WHAT IS BEING ASKED |
Repeat the listing below exactly. Pictures do not belong in the copy.

PROVIDED MATERIAL |
== Segment start ==

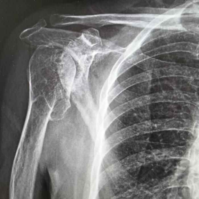 在成都市第三人民醫(yī)院評(píng)估后明確診斷為右肩關(guān)節(jié)重度骨性關(guān)節(jié)炎伴肩袖損傷?紤]其關(guān)節(jié)結(jié)構(gòu)破壞重、功能需求高,團(tuán)隊(duì)為其制定反式人工肩關(guān)節(jié)置換方案。
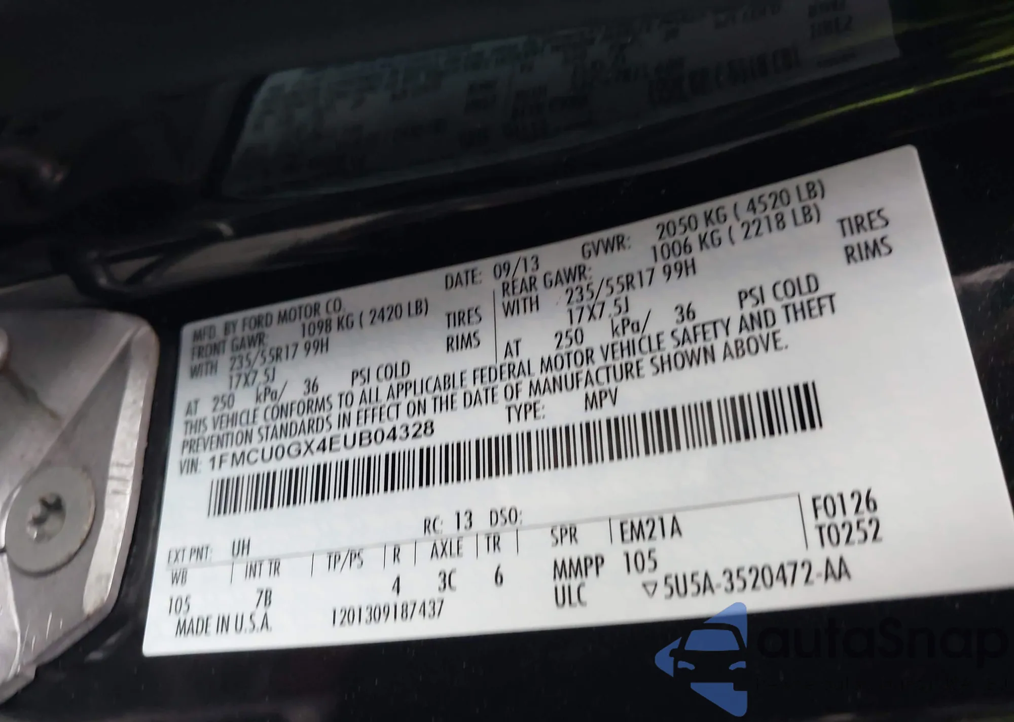 LOT: 43989465 VIN: 1FMCU0GX4EUB04328
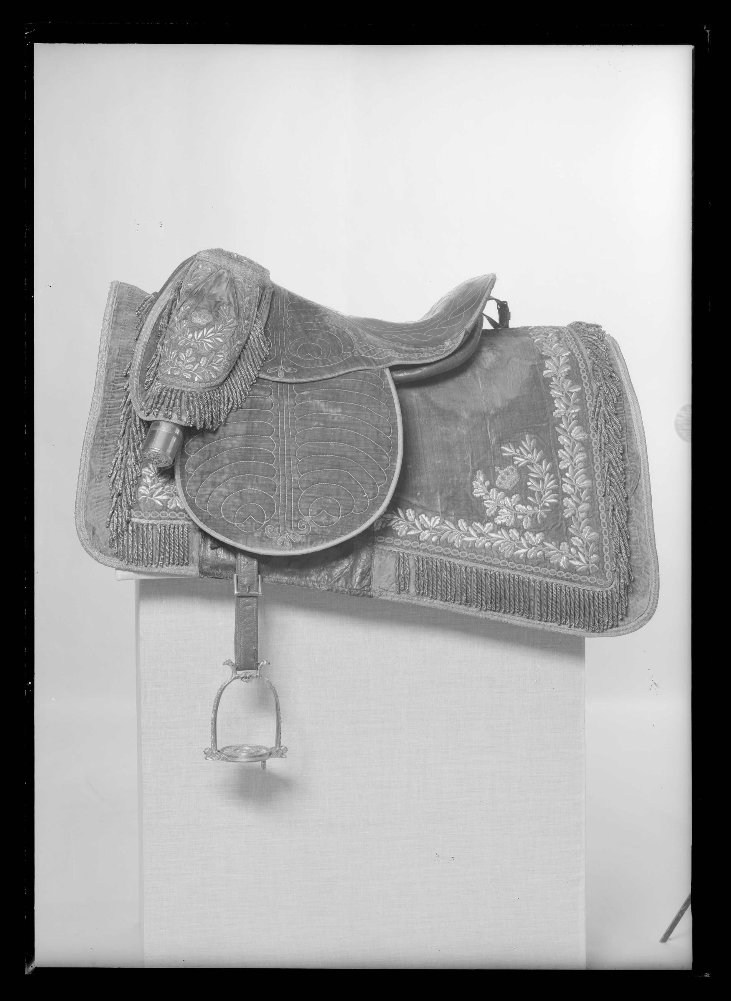 Engelsk sadel röd. Använd av Karl XIV Johan i samband med kröningen i Stockholm 1818-05-11.

== Segment end ==

FINISHED TASK |
 在成都市第三人民醫(yī)院評(píng)估后明確診斷為右肩關(guān)節(jié)重度骨性關(guān)節(jié)炎伴肩袖損傷?紤]其關(guān)節(jié)結(jié)構(gòu)破壞重、功能需求高,團(tuán)隊(duì)為其制定反式人工肩關(guān)節(jié)置換方案。
 LOT: 43989465 VIN: 1FMCU0GX4EUB04328
 Engelsk sadel röd. Använd av Karl XIV Johan i samband med kröningen i Stockholm 1818-05-11.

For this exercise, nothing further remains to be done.